Ask anyone who attended a Boiler Room show, and they'll probably agree with Szatan — it is absurdly fun. And it wasn't before long the brand began exploring corners of the world it was yet to bring its hedonistic experiment to. In 2016 it was time for China to get the London underground treatment, beginning with a set from Disclosure. 

But this mammoth occasion was likely overshadowed by another issue bubbling under the surface for nearly all five years of the streaming giant's existence. Boiler Room's streaming service, which was accompanied by a chatroom which encouraged discussion, community and transparency had taken an ugly turn. 

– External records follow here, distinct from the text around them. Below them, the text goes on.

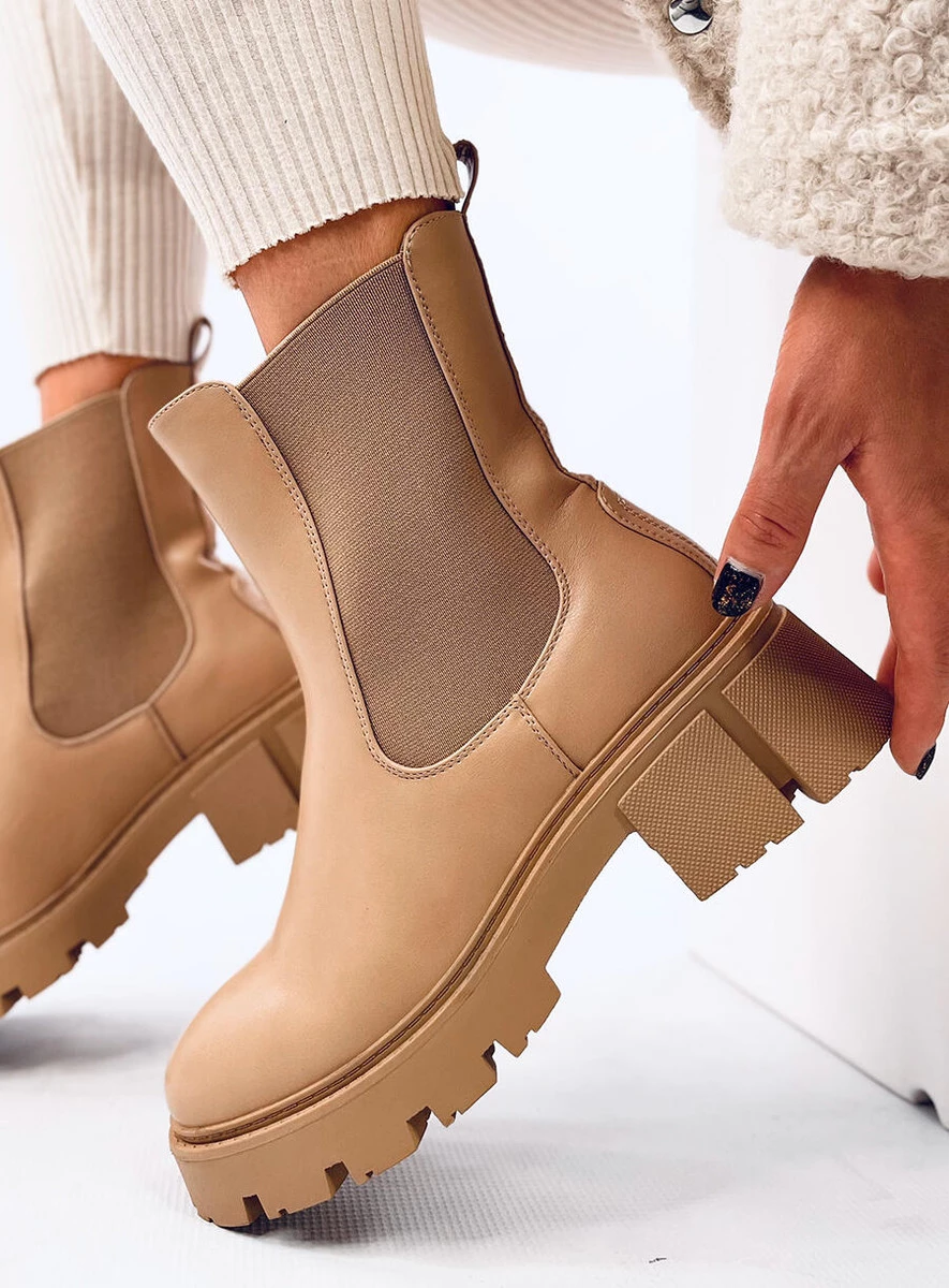 Licowe botki damskie – sztyblety z wysoką cholewką. Model ma klasyczny fason na najmodniejszej, wysokiej podeszwie – uwielbiamy takie rozwiązania! Elastyczne wstawki zapewniają komfortowe zakładanie. To idealne buty na co dzień! Wykonane są ze skóry ekologicznej, a wnętrze wyścielone jest delikatnym futerkiem.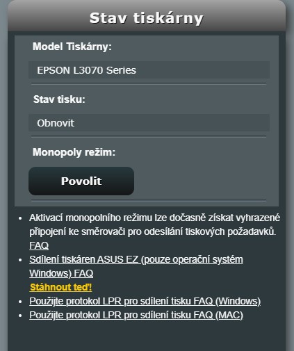 xx30: Pokud klikneš na odkaz EZ printer, nasměruje tě to na stránky podpory asusu. Tam vyplníš svůj router, klikneš na Podpora a Ovladače, vybereš systém a rozklikneš +Rozbalit vše. Najdeš MFP ovladač .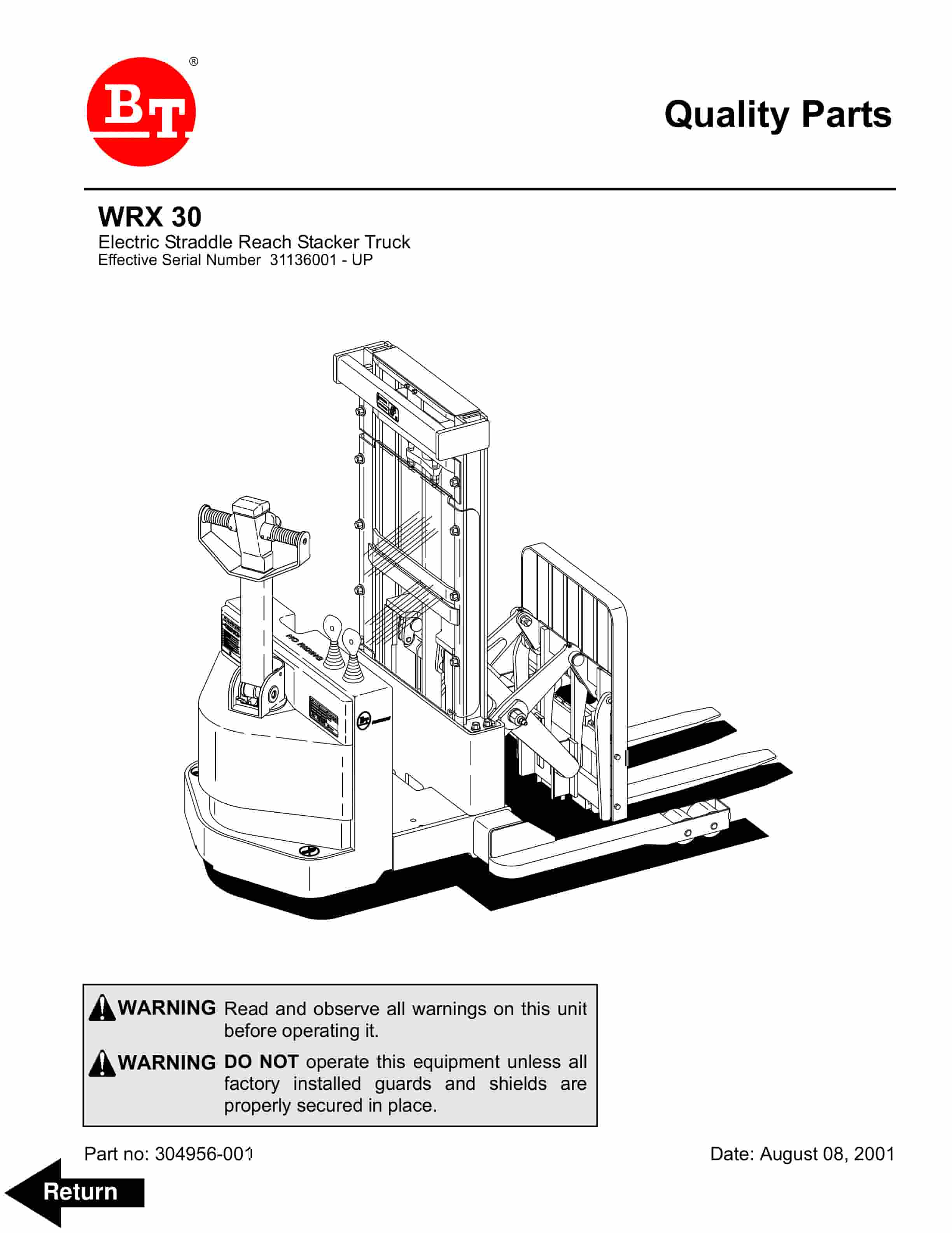 BT WRX-30 Electric Straddle Reach Stacker Truck Parts Manual 304956-001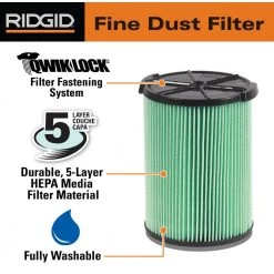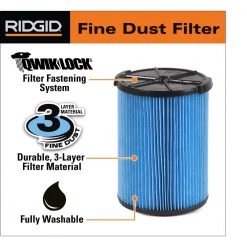 3-Layer Fine Dust Pleated Paper Filter for Most 5 Gallon and Larger RIDGID Wet/Dry Shop Vacuums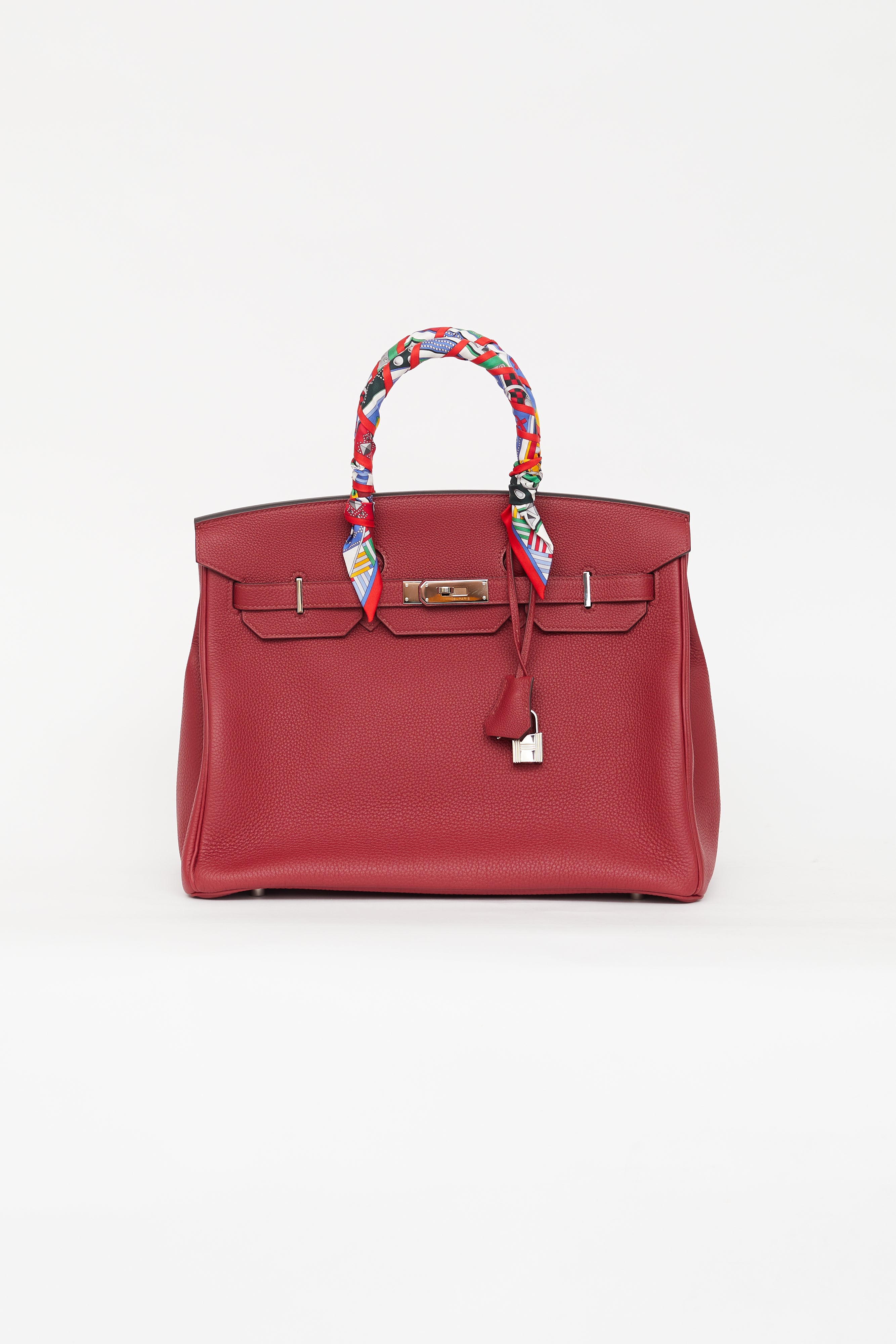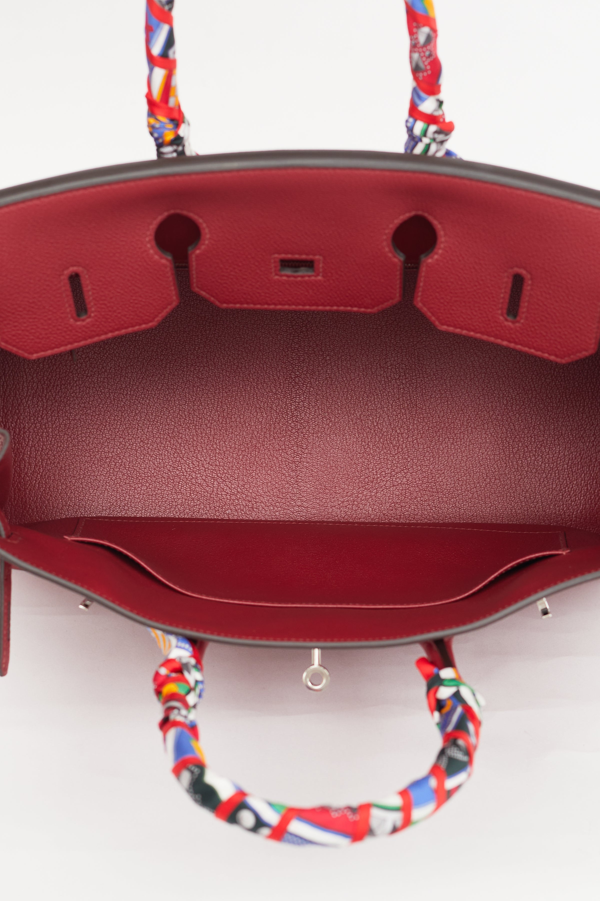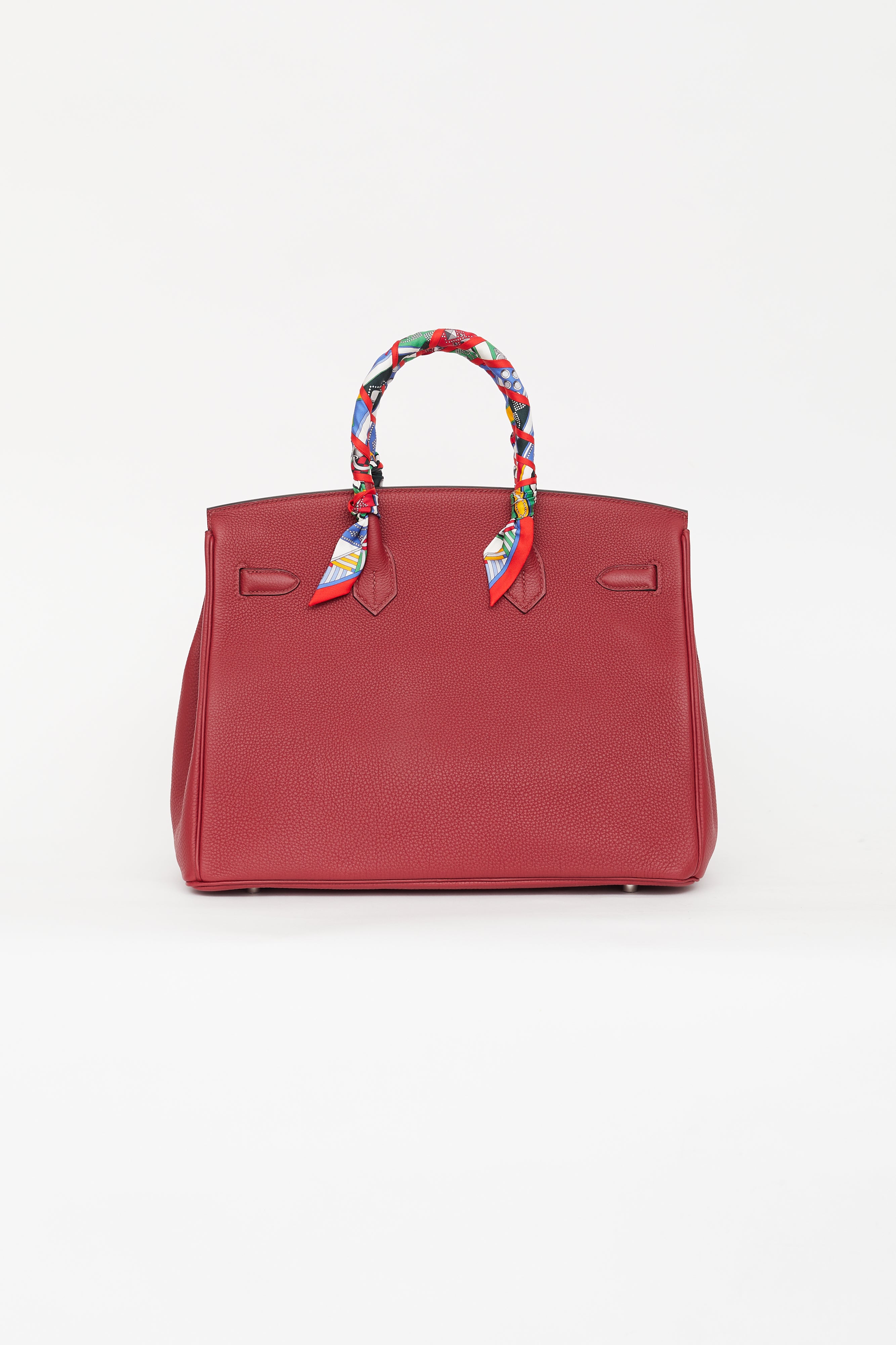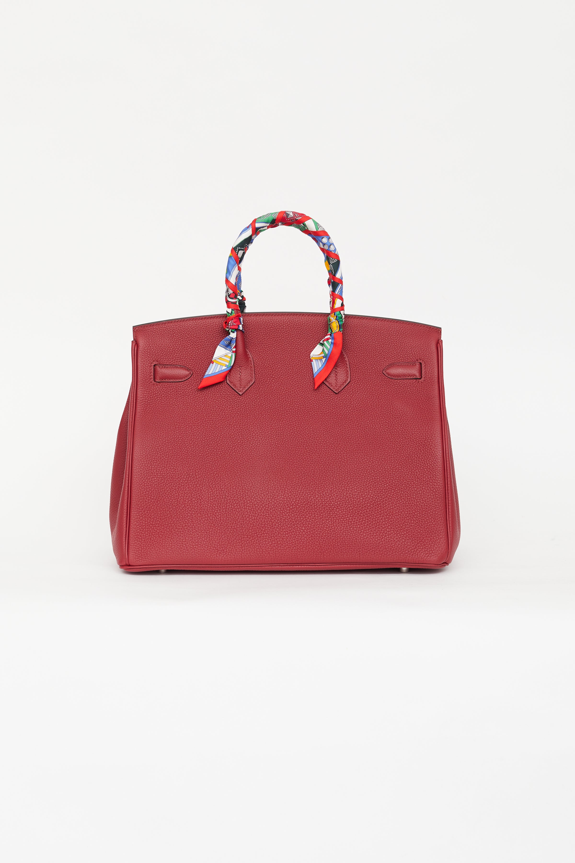 Pre-owned 2016 Hermès Birkin 35 bag in Rouge Grenat Togo leather featuring Palladium hardware, silver stamped logo under flap, rolled top handles, tonal leather interior, four clou, contrast stitching, logo engraved plaque, clochette and lock, and slip and zip pocket at interior. Comes with twilly, original dust bag, box, and rain cover. Original receipt available upon request.
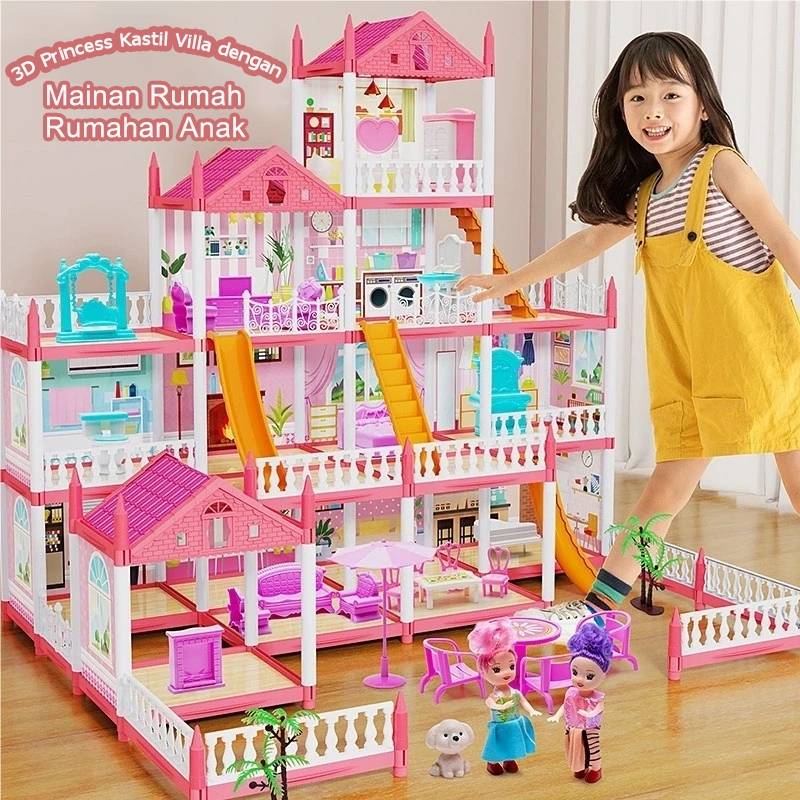Mainan Rumah Rumahan Anak Perempuan 3D Princess Kastil Villa dengan Lampu dan Boneka Perakitan DIY Rumah Mainan Gift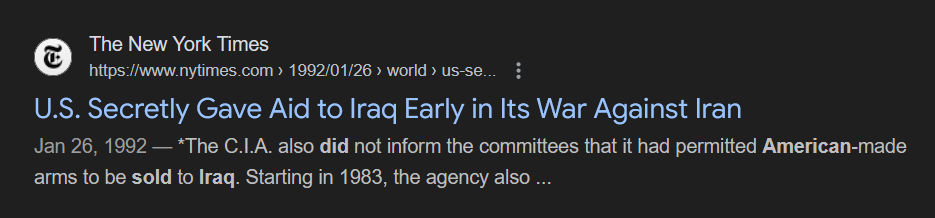 >>18240275>the US had sold him all his military hardwareThis isn't even remotely true. Most the Iraqi military's hardware in 1991 was sourced from>Warsaw Pact>China>SFR Yugoslavia>France>West Germany>United KingdomMost of the American equipment in the Iraqi inventory was either WWII vintage or had originally been sold to Iran in the 1970s, captured by Iraq, and subsequently pressed into service.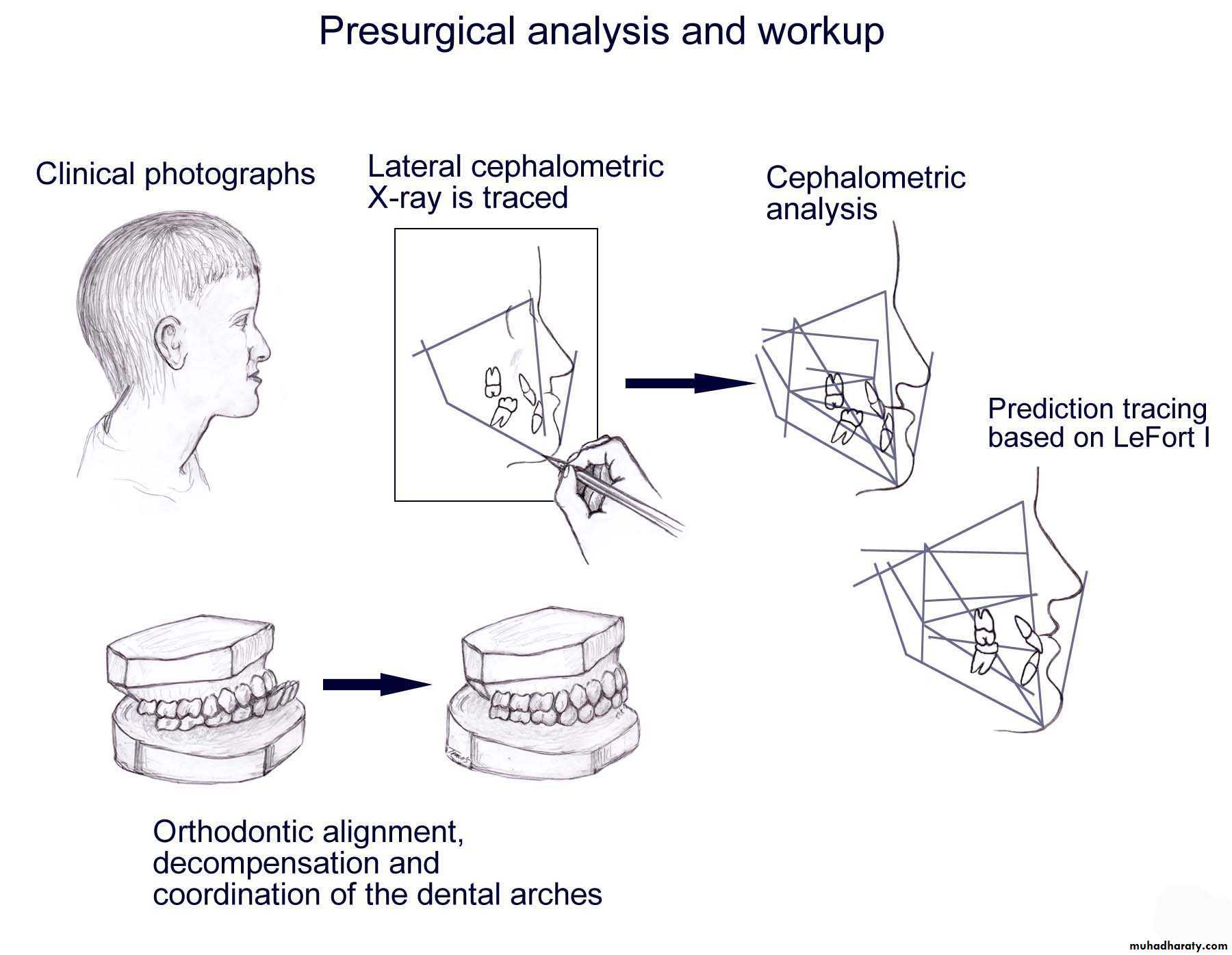 Surgical movement of maxilla and mandible inherently alter the maxillary-mandibular dental occlusion, and as such, careful analysis of the dental models with the orthodontist is essential. The maxillary dental and mandibular dental casts can be studied individually and hand manipulated with each other to assess how the arches are coordinated.Assessment of the models includes space analysis and arch length, transverse width discrepancies, position of the individual tooth within its own arch, and the relationship of the maxillary dentition to the mandibular dentition.

The conversations in the chatroom became treacherous, with racist namecalling, rampant misogyny and abusive behaviours. Push finally came to shove when DJ Nightwave experienced explosive sexual abuse after their Boiler Room set. They took to social media and addressed the situation in the chatroom: "Talking smack on genres or tech is whatever, lame but par for the course. Misogyny / transphobia / racism / anything else personal is 10000% unacceptable."

However, Szatan told FACT that the end of the chatroom was simply a functional switch to Facebook. "Facebook Live has seriously taken off, the chatroom dwindled and if felt time to use that space on the site to push the same curious fans to related sets in the new Channel system. All positive at the end of the day."

2017: Virtual Reality Dance Music

In 2017, Boiler Room announced it had just released its first virtual stream in a partnership with Google Daydream VR. VR Dancefloors: Techno in Berlin allowed users to move through the Berlin club, casually check out the art installations and even interact with their surroundings. 

2018: Documentary Season

After reaching the pinnacle of streaming with ventures in VR, it was time to turn to documentaries. Boiler Room launched a weekly series exploring overlooked music genres as well as a morning chat show called, Breakfast With Shy

"We've had our roots in real-life experiences," said chief content officer Stephen Mai. "In the crowded market of digital content, that regular connection with audiences means they have a special relationship with our brand. There are so many stories that aren't being told around music, subcultures and youth. There's a massive opportunity for us to grow new audiences."

2019: Music Festival Time

For Boiler Room the sky is the limit and this became clear with the announcement of the company's first music festival. Based in Peckham's Copeland Park, each day focused on "one of the UK's most exciting underground scenes" spanning genres like jazz, rap, bass and club.

2020: To Another Decade

Now in its 10th year, Boiler Room looks to celebrate its second music festival as well as a slew of events all over the world. Sydney will be treated to an enviable lineup of international stars pushing house and techno, with a line-up boasting Ayebatonye, Bamounou, DJ BORING, Ex-Terrestrial, Merph and Nazira. If you want to be part of Boiler Room history, this is your chance. 

Boiler Room TEN: Sydney hits Roundhouse, UNSW on Saturday, March 21.